Data Set Overview
      =================
      This data set (VG1-J-PRA-3-RDR-LOWBAND-6SEC-V1.0) contains
      data acquired by the Voyager-1 Planetary Radio Astronomy (PRA)
      instrument during the Jupiter encounter. The bounding time
      interval set for most Voyager 1 Jupiter PDS data sets is the
      Voyager project defined 'far encounter' mission phase boundary
      (1979-02-28 to 1979-03-22). Since, however, the PRA instrument
      is able to observe planetary phenomenon at much larger ranges
      than other fields and particles experiments, this boundary is
      artificial with respect to PRA. Hence, PRA lowband data
      provided here cover the entire Jupiter Encounter Phase
      (1979-01-06 to 1979-04-13). Data from beyond the far encounter
      interval is contained in the cruise data archive which is
      available from the NSSDC.

      VG1-J-PRA-3-RDR-LOWBAND-6SEC-V1.0 contains data at the highest
      time resolution possible during normal operations. The normal
      mode of PRA operations during the planetary encounters was to
      sweep through the two radio receiver bands, high band (40.5 to
      1.5 MHz in 128 channels spaced 0.3072 MHz apart) and low band
      (1326.0 to 1.2 kHz in 70 channels spaced 19.2 kHz apart) in a
      period of 6 seconds. The receivers measured, on alternate
      samples, the left hand circular and right hand circular (radio
      definition) power.

      Measured Parameters
      ===================
      The data here are from the low frequency receiver band and are
      'packaged' into spacecraft major frame records. Each major
      frame is 48 seconds long or eight sweeps through the PRA
      receiver. The data are calibrated and are given in units of
      'millibels' which is 1000 times the log of the received power.
      Zero millbels corresponds to approximately 1.4 x 10^-21 W m^-2
      Hz^-1, however, this value is never seen in practice. The
      minimum values detected, which includes receiver internal and
      spacecraft generated noise, are about 2300 to 2400 millibels,
      or about 3.5 x 10^-19 W m^-2 Hz^-1; even higher values are seen
      at the very lowest frequencies.

      The data format is ASCII and consists of a time indicator
      followed by an array containing the eight low band sweeps. Time
      is spacecraft event time (SCET) which is basically universal
      time at the spacecraft. Specifically, time is in the form of
      YYMMDD and seconds into YYMMDD. Both are written as I6.
      Example: July 1, 1979 at 12 hours SCET would be 790701, 43200.
      The seconds correspond, to the nearest second, to the start of
      the sweep (which occurs in PRA high band). The first value in
      low band (1326.0 kHz) occurs some 3.9 seconds after this time
      and samples at successively lower frequencies are spaced 0.03
      seconds apart. Only one time is given for the entire major
      frame, thus the start of each sweep is the time given plus 6
      times the sweep number minus 1 (i.e., 0 through 7).

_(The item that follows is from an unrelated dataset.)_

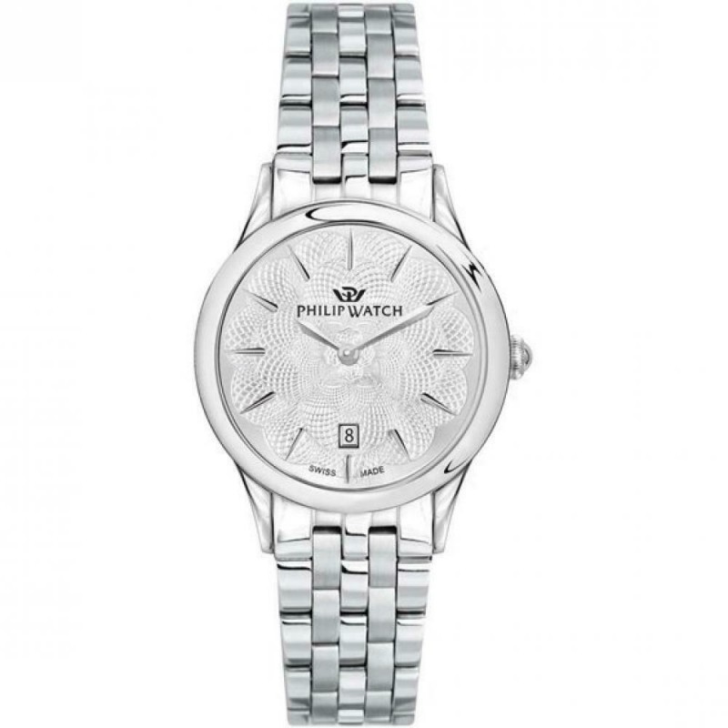 ShippingMontre Philip Watch pour femmes Only Time de la collection Marilyn. Horloge avec boîtier en acier de la taille de 39X31 mm et de l'épaisseur de 7,4 mm. Modèle avec cadran couleur argent guilloché et verre minéral.

      The data array is dimensioned as 71 X 8 and written as I4
      format (i.e. 568I4). The '8' corresponds to the eight PRA
      sweeps. The lowest 68 of the 70 low band channels (1287.6
      to 1.2 kHz) are in positions 2-69.  Positions 70-71 should be
      ignored. Missing or bad data values are set to zero. In
      position 1 of each sweep is a status word where the 12 least
      significant bits have used, although not all 12 have meaning
      for PRA low band. Numbering those bits 0 for least significant
      to 11 for most significant, the bits that have meaning are as
      follows:
      bit
       0: 15 dB attenuator in use when equal to 1
       1: 30 dB attenuator in use when equal to 1
       2: 45 dB attenuator in use when equal to 1
       9,10 (together): polarization of first channel sampled (1326.0
                        kHz) according to the scheme:
                       value bit 10 =
                               0 1
              value bit 9 = 0  R L
                            1  L R

      Polarization at successively lower frequencies is opposite to
      the frequency above it, i.e. either a LRLR or an RLRL pattern.
      Successive 6-second sweeps start on the opposite polarization
      as the previous sweep as indicated in the status bits. Note
      that this polarization is the received polarization, not
      necessarily the emitted polarization. Correct interpretation of
      the received polarization depends on the antenna plane
      orientation relative to the radio source. A good description of
      this concept can be found in [LEBLANCETAL1987].

      Missing or bad data values are set to zero. If the status word
      is zero, any data in that receiver sweep should be discarded.

      Data Coverage
      =============
      Filename   Records               Start                 Stop
      -----------------------------------------------------------------------
      Volume ID: VGPR_1201
      PRA_I.TAB   35569   1979-01-06T00:00:34.000Z  1979-01-30T23:59:47.000Z
      PRA_II.TAB  39493   1979-01-31T00:00:35.000Z  1979-02-25T23:59:47.000Z
      PRA_III.TAB 41371   1979-02-26T00:00:35.000Z  1979-03-22T23:59:56.000Z
      PRA_IV.TAB  24587   1979-03-23T00:00:44.000Z  1979-04-13T23:59:08.000Z

Confidence Level Overview
      =========================

      The accuracy of calibration in the PRA low band is
      approximately 2 dB, except at frequencies below 100 kHz where
      it is somewhat worse. Interference from the Voyager power
      subsystem is a major problem to the PRA instrument, affecting
      many of the 70 low band channels. This interference manifests
      itself by abrupt changes in background levels. Some channels,
      notably 136 and 193 kHz, are almost always affected, whereas,
      others are only affected for short intervals. Usually, this
      interference is only a problem when the natural signals are
      weak.